Shakespeare was getting his ear pierced. He was feeling OK about it. Sometimes there were blood spots in the boiled eggs that Shakespeare ate for breakfast and Shakespeare would pick them out grimacing.
Shakespeare thought about chickens, how he thought about wheat and horses and blood spots in boiled eggs, as though they were something that had been around forever but wheat came from the Mesopotamians and horses from the Mongolian steppe and chickens were descended from fierce wild fowl once kidnapped from the jungle and only blood spots in boiled eggs had been around forever.
Which ear would you like pierced, Mr Shakespeare, asked the barber. Shakespeare said he wasn’t sure. That it didn’t matter. If Shakespeare had heard a modem dialling, he wouldn’t have known what it was.

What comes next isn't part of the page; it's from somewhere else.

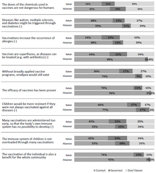 Concerning the assessment of general knowledge of vaccines (Figure 1), the mean score of the sample was 5.51 ± 2.66. Only 36 students (5.2%) answered all ten questions correctly. Knowledge was significantly higher (p < 0.001) among Italian respondents (6.65 ± 2.34) than among Albanians (4.72 ± 2.58). A significant difference was observed in the overall knowledge of vaccines score among different course years (χ2 = 90.058; df = 40; p = < 0.001) and different degree courses (χ2 = 89.932; df = 40; p = < 0.001), indicating that students attending higher years of courses and the Medicine and Surgery course, regardless of nationality, were significantly more informed about vaccination than students attending lower years of courses and other medical science courses.

Shakespeare wouldn’t have believed you if you had told him about x-rays or dishwashers or dinosaur bones. Sometimes Shakespeare watched sleet sprinkle on the Thames and he thought about how humiliating it would be to have to live underwater and he imagined breathing through gaps in his sides and reserving his mouth for food and drink and he reflected on how hateful and oppressive that would be.
Shakespeare’s ear stung a little. He tried not to show it. He said, oh, have you done it, is that it, I didn’t feel a thing and blood trickled down from his ear and onto his collar. If Shakespeare had invented getting up early to go to work, everybody would’ve hated him. There would be a film about how he invented getting up early to go to work and in the film everybody would hate him. I’m a lot smarter than Shakespeare and I’m more handsome and I could beat him in a fight too.
If I ever met Shakespeare I would hold his shoulders and step on his toes and I would tell him all these things. I would tell him now if it was possible.